When under arrest in Australia, he “told police he had worked as a bodyguard for the then crown prince of Thailand, had been an army spy…, and ran a side business while serving as an assistant to a top general.” That’s how it works in Vajiralongkorn’s Thailand.

Then there’s Palang Pracharath MP Pareena Kraikupt and her father. Her recent case of acquiring and using land that is supposed to be for poor farmers and/or national park seems unlikely to go anywhere as a cover up goes on.

The only thing keeping the issue in the cowed media is her father’s penchant for hit-and-run driving and mad media conferences, filled with lies. Once he’s quiet, watch Pareena squeeze out of her own problems. The regime prefers no criticism of it or its MPs.

Again, the rich and powerful can get away with murder (probably literally in Thammanat’s case), heroin smuggling, theft and other misdemeanors.

Make overs for the evil

Perhaps the weirdest of all news reports in late 2019 was when local “anti-corruption agencies awarded the Thai army for having the highest score on transparency and integrity among government agencies at an event held to commemorate the International Anti-corruption Day on Dec 9. It scored 97.96 points out of 100.” Weird, unbelievable and very silly. However, the point is the whitewashing. The powerful seem to relish whitewashing almost as much as it relishes ill-gotten gains.

Eating the state

Corruption is a bit old-hat these days as there are plenty of ways to feed at the breast of the private sector as it exploits the state and Thai taxpayers.

We couldn’t help noticing that on 15 December it was reported: “Airports of Thailand (AoT) is likely to scrap bidding to run duty-free pick-up counters at Don Mueang airport after only one company [King Power] expressed interest in the contest.” Of course, AoT didn’t. A few days later it was reported that the “board of Airports of Thailand Plc has awarded a 10.5-year duty-free concession at Don Mueang airport to King Power Duty Free Co, which offered a yearly 1.5-billion-baht minimum return…”. King Power, the current monopoly duty free store at all airports now has new 10-year contracts for all those airports.

There must be many in various military and state offices – right to the top – who will benefit from these new contracts.

Somehow we doubt that 2020 will be better than 2019.





Updated: Criminal minister and law

19 11 2019

As everyone knows and he still denies – despite plenty of evidence from courts in Australia – Deputy Agriculture Minister Thammanat Prompao is a convicted heroin smuggler. In the green-hued world of military political domination, this conviction counts for nil as Thammanat is one of the standover men who maintains the military-backed government’s political control. He also claims links to the palace, saying he was working for the then crown prince when he was busted in Australia.

It seems he has other uses too.

As the Bangkok Post says in an editorial, “On Tuesday, Capt Thamanat handed over Sor Por Kor land rights certificates to 335 poor and landless farmers” so they can make a living on the land.

The Post points out that:

One of the recipients turned out to be Samatcha Angchuan, a vice-chairman of the Krabi Provincial Administrative Organisation (PAO) Council and a former Palang Pracharath Party (PPRP) candidate in the last general election. He was granted 16 rai of land.

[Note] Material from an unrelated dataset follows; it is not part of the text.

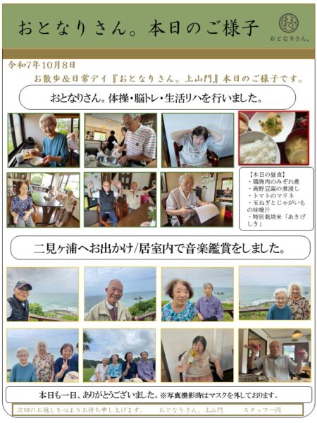 今日も一日皆さんと一緒に元気に楽しく過ごす事ができました。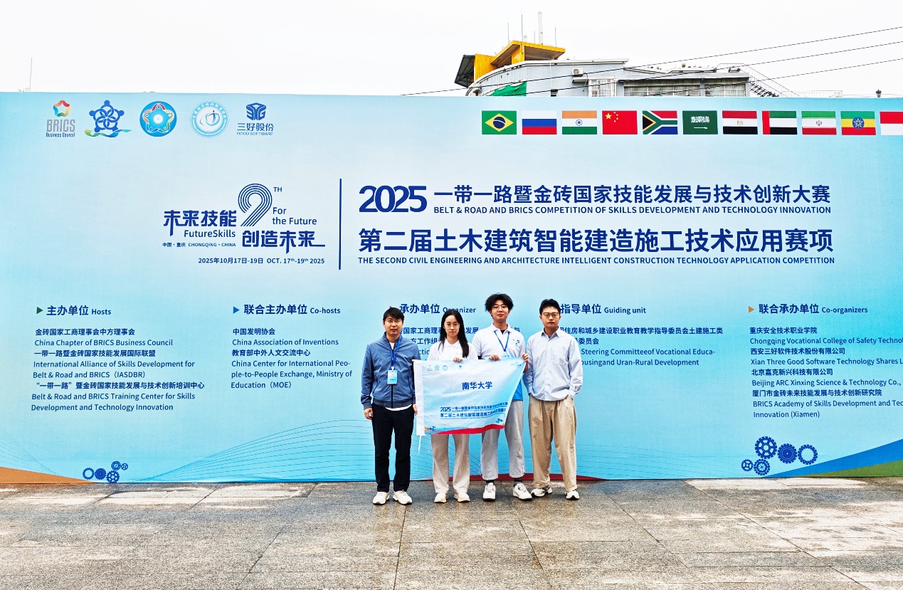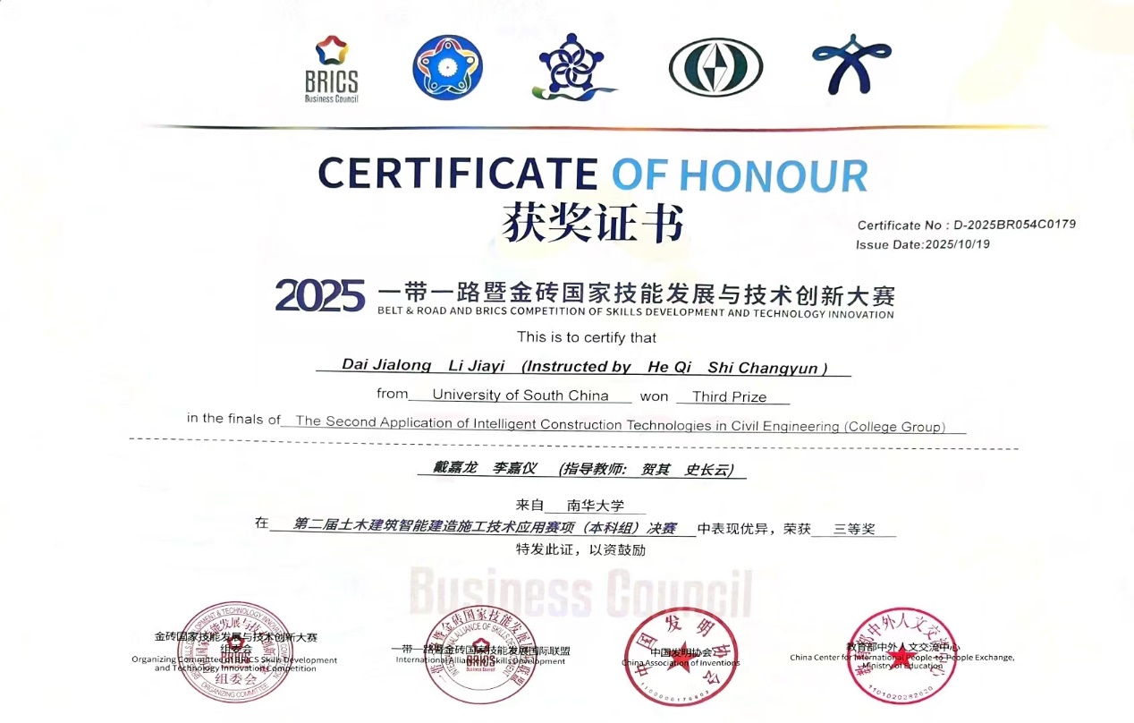 2025年10月17日至19日,2025“一带一路”暨金砖国家技能发展与技术创新大赛第二届土木建筑智能建造施工技术应用赛项全国决赛在重庆安全技术职业学院成功举办。在伟德国际victor1946智能建造与智慧交通专业贺其、史长云2位老师共同指导下,派出代表队参赛,在“土木建筑智能建造”赛项中脱颖而出,表现优异,获得三等奖(铜牌)。

This follows Thammanat’s recent efforts on behalf of the PPRP’s controversial Pareena Kraikupt defending her family’s alleged use of 900 rai of Sor Por Kor land in Ratchaburi.

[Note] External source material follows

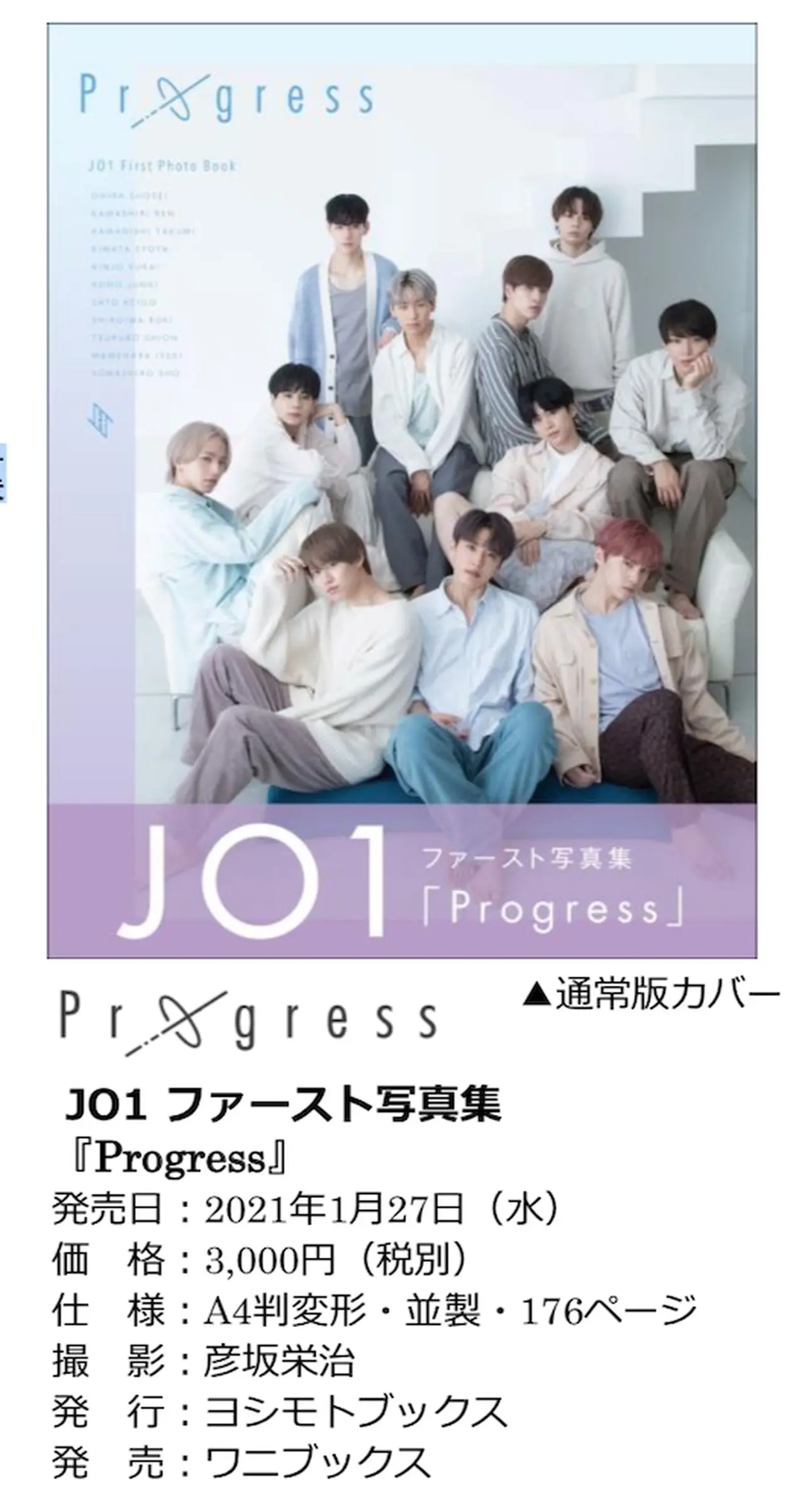 JO1 1st写真集『Progress』2021年1月27日(水)発売

Such scandals, in 1994, transacted by then deputy agriculture minister Suthep Thaugsuban, brought down the Democrat Party-led government.

Clipped from the Bangkok Post

However, with criminals running the show for the military, that would seem unlikely in this case.

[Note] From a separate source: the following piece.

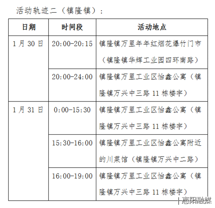 2月1日凌晨,仲恺通报一名涉深圳密接者,两名次密接者活动轨迹,轨迹涉及陈江惠环及潼侨。
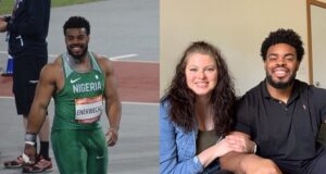 Nigeria’s Olympic shotput thrower, Chuks Enekwechi’s sister, reacts after someone dragged...

Update: The many commentaries on Thammanat’s actions seem to have spurred the party bosses into action to try and – again – quieten things down. According to Thai PBS, Thammanat has had to abandon Pareena and has told her to give up her 900 rai of land.

This action might suggest infighting in the shaky coalition that is the government, but is more likely to be yet another effort to hold the government together and to avoid the same demise that befell the Democrat Party in 1994. We need to see what happens in Krabi.